BRIEF DESCRIPTION OF THE DRAWINGS
[0023] Fig. 1 is a view showing an overall configuration
of an exhaust gas recirculation device for an internal
combustion engine according to an embodiment of the present
invention;
Fig. 2 is a block diagram showing a configuration of an
EGR control device according to a first embodiment;
Fig. 3 is a block diagram showing a configuration of an
EGR control device according to a second embodiment;
Fig. 4 is an illustrative view illustrating an operation
of a variation component removal dead zone device;
Fig. 5 is an illustrative view showing a basic component
wave in a numerical value simulation verification test;
Fig. 6 is an illustrative view showing results of the
numerical value simulation verification test;
Fig. 7 is an enlarged view of an E portion of Fig. 6;
Fig. 8 is an enlarged view of an F portion of Fig. 6;
Fig. 9 is an illustrative view showing valve opening and
valve flow rate characteristics of an EGR control valve;
Fig. 10 is a characteristic diagram of a variation
component removal dead zone device according to a third
embodiment; and
Fig. 11 is a characteristic diagram of a variation
12
component removal dead zone device according to a fourth
embodiment.
BEST MODES FOR CARRYING OUT THE INVENTION
[0024] The present invention will be described in detail
below using embodiments shown in the drawings. Note, however,
that unless specific description is provided to the contrary,
dimensions, materials, shapes, relative arrangements, and so
on of constituent components described in the embodiments are
not intended to limit the scope of the present invention.
[0025] (First Embodiment)
Referring to Fig. 1, an exhaust gas recirculation device
for an internal combustion engine according to a first
embodiment of the present invention will be described.
As shown in Fig. 1, a diesel engine (to be referred to
hereafter as an engine) 1 includes an exhaust gas turbocharger
7 having an exhaust gas turbine 3 and a compressor 5 that is
driven coaxially with the exhaust gas turbine 3. Air discharged
from the compressor 5 of the exhaust gas turbocharger 7 passes
through an air supply passage 9 and enters an intercooler 11
to be cooled. An air supply flow rate is then controlled by
an intake air throttle valve 13, whereupon the air flows through
an intake manifold 15 to an intake port provided in each cylinder,
and flows from the intake port into a combustion chamber via
an intake valve of the engine 1.
13
[0026] The engine 1 is further provided with a fuel
injection control device 19 that injects fuel into the
combustion chamber while controlling an injection timing, an
injection amount, and an injection pressure of the fuel. The
fuel injection control device 19 supplies a fuel injection valve
21 provided for each cylinder with fuel controlled to a
predetermined fuel pressure at a predetermined fuel injection
timing.
[0027] Further, an EGR (Exhaust Gas Recirculation)
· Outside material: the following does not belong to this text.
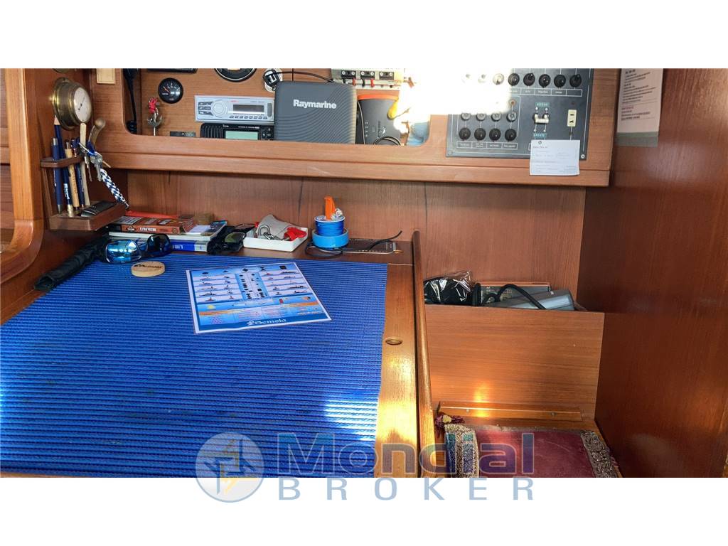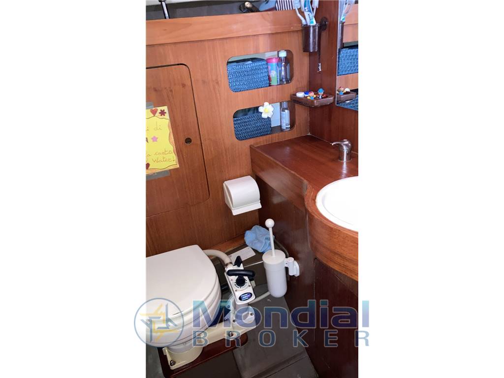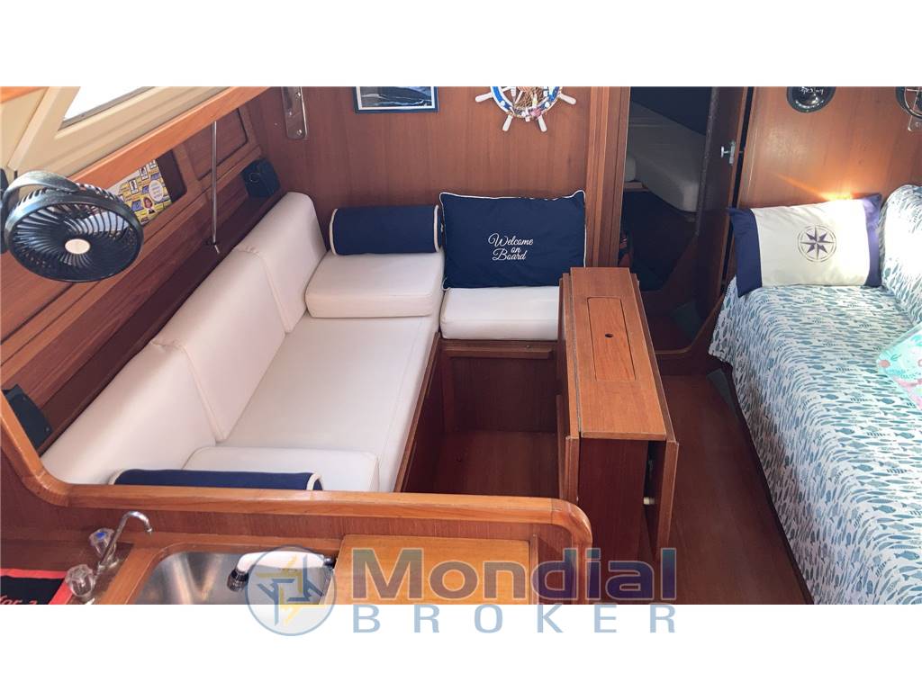 Interni gradevoli con legni perfetti, cucina ad elle composta da un lavello, frigorifero, 2 fuochi con forno basculante, dinette trasformabile, bagno passante tra dinette e la cabina armatoriale, la seconda cabina è posizionata a poppa.

passage 25 bifurcates from a midway point of an exhaust passage
23 such that a part of an exhaust gas is cooled by an EGR cooler
27 and introduced into a site downstream of the intake air
throttle valve 13 via an EGR control valve 29. A throttle valve
control device 31 is provided in relation to the intake air
throttle valve 13 to control opening/closing thereof, and an
EGR control device (an exhaust gas recirculation control
device) 33 is provided in relation to the EGR control valve 29
to control opening/closing thereof.
[0028] Combustion gas burned in the combustion chambers
of the engine 1, or in other words exhaust gas 35, passes through
an exhaust manifold 39, where exhaust ports provided for the
respective cylinders converge, and the exhaust passage 23,
drives the exhaust gas turbine 3 of the exhaust gas turbocharger
7, thereby serving as a power supply of the compressor 5, and
then flows into an exhaust gas post-treatment device (not shown)
14
through the exhaust passage 23.
[0029] An engine rotation speed signal from an engine
rotation speed sensor 42 and an engine load signal from an engine
load sensor 44 are respectively input into a control device
(ECU) 41 together with a detection signal from an intake
manifold temperature sensor 46 provided in the intake manifold
15, a detection signal from an intake manifold pressure sensor
48, and a detection signal from an air flow meter 50.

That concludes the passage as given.